From Standard & Poor's Equity ResearchCARIS UPGRADES MASSEY ENERGY TO BUY FROM ABOVE AVERAGE
On Friday, Massey Energy (MEE) approved a $90 million expansion to capital spending in 2008. Caris analyst Ann Kohler says in conjunction with upped 2008 capital spending by $90 million, management also provided higher shipment guidance. Among her universe, she says Massey is the most leveraged to the metallurgical coal market, which continues to benefit from favorable steel market dynamics.
Kohler raises 2008 EBITDA and EPS estimates to $655 million and $2.87 from $533 million and $2.13, 2009 EBITDA and EPS estimates to $761 million and $3.45 from $647 million and $2.92, respectively. Also, as a result of management guidance, she's expanded her per ton operating margin in 2008 and 2009 to $14 and $15 from $11 and $13, respectively.
She raises her 48 price target to 58, based on EV/EBITDA multiple of 7 times her new 2009 EBITDA estimate.

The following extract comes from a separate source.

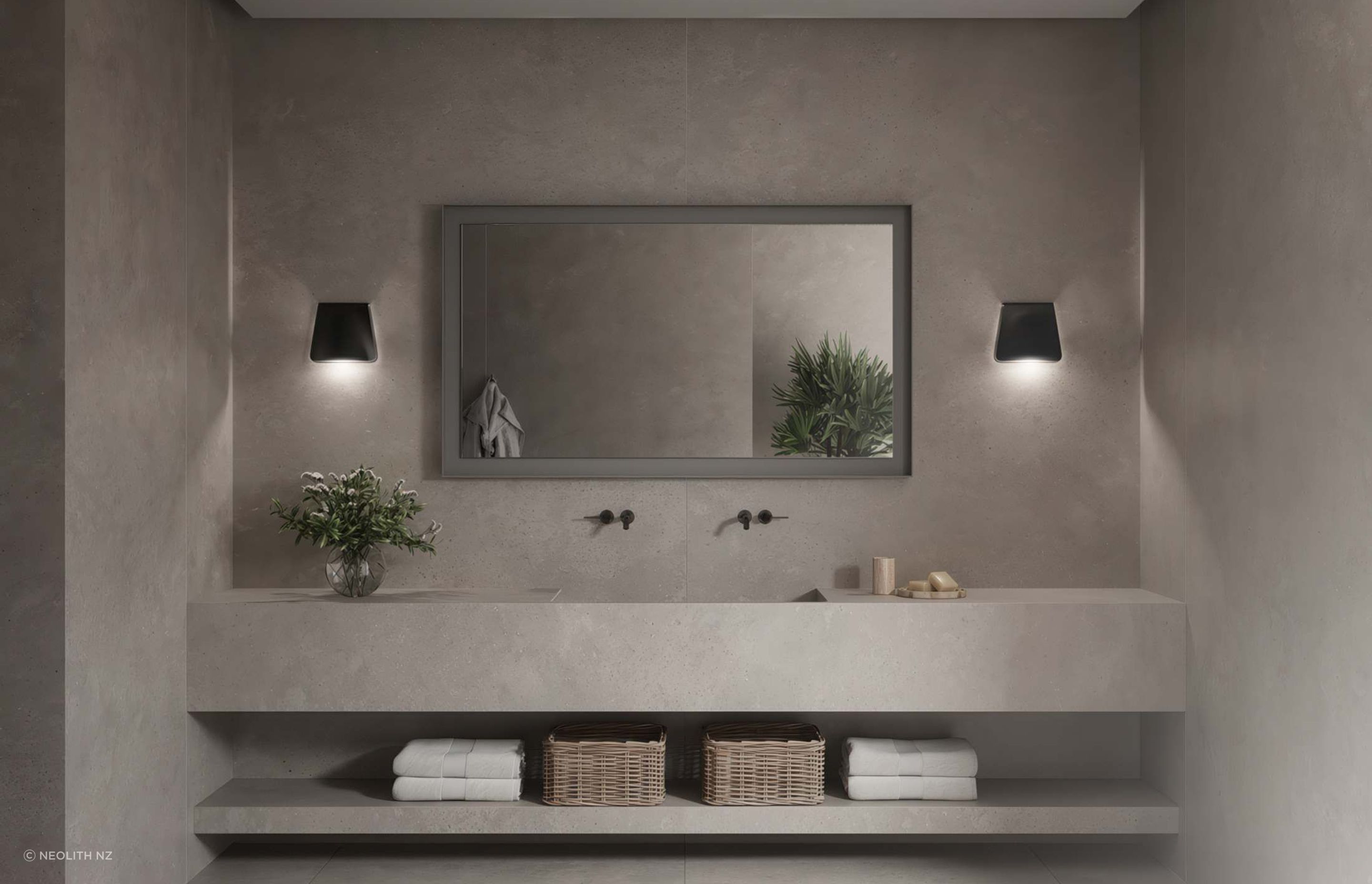 Cladding, flooring and bathroom countertop with Neolith Artisan.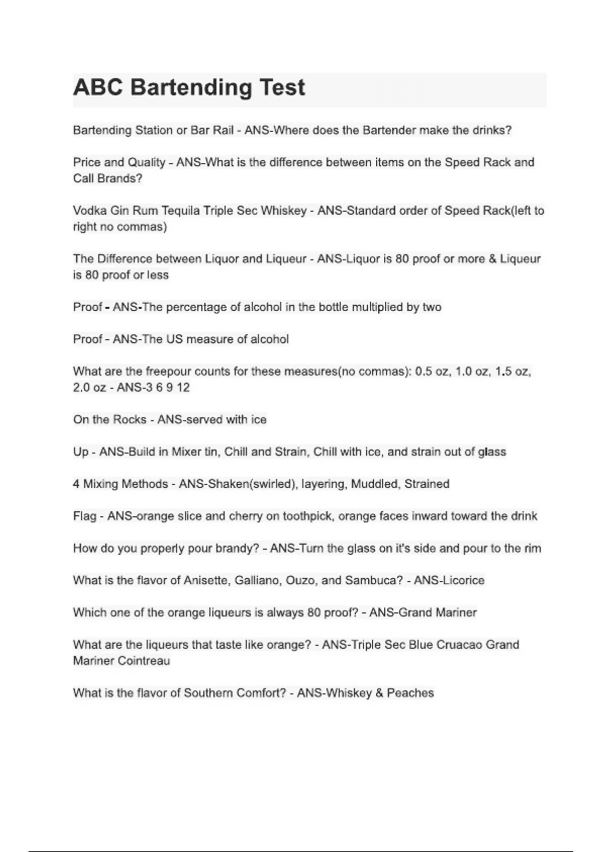 ABC Bartending/ ABC Bartending Test (Latest 2025 Update) Exam Review| Questions and Detailed Answers| 100% Verified Correct| Grade A+ (100% Pass) All Units Covered

CITIGROUP UPGRADES KLA-TENCOR TO BUY FROM HOLD
Citigroup analyst Timothy Arcuri says he's swapping out of Applied Materials (AMAT) and into KLA-Tencor (KLAC) in Citi's Top Picks Live list. He believes several near-term catalysts are likely to develop against a cyclical backdrop that he thinks is increasingly favorable.
Arcuri says while memory isn't without further downside risk, he thinks it represents only about 15% risk to orders, and KLAC stock is already discounting this scenario. He says while orders are slipping for some peers, checks suggest KLAC should surprise to the upside in the third and fourth quarters. He believes KLAC is seeing some increased adoption rates at Samsung and some resurgence in orders from TSMC.
He sees $2.83 fiscal year 2008 (June) EPS, and ups $3.28 fiscal year 2009 to $2.86. He also raises his 49 price target to 56.
CITIGROUP DOWNGRADES COLUMBIA SPORTSWEAR TO SELL FROM HOLD
Citigroup analyst Kate McShane says she's downgrading Columbia Sportswear ((COLM) for three reasons: She expects backlogs to be lower than expected when COLM announces first quarter results at the end of April, which could create downside risk for shares; Sourcing costs could weigh more heavily, especially in footwear -- she notes this is where she's seeing the most inflationary pressure and COLM lacks scale in this business; and COLM is increasing spending around marketing retail initiatives that could further drive down EPS.
McShane cuts 2008 and 2009 EPS estimates to $3.42 and $3.70 from $3.65 and $4.05, respectively. She also lowers her 48 target price to $41.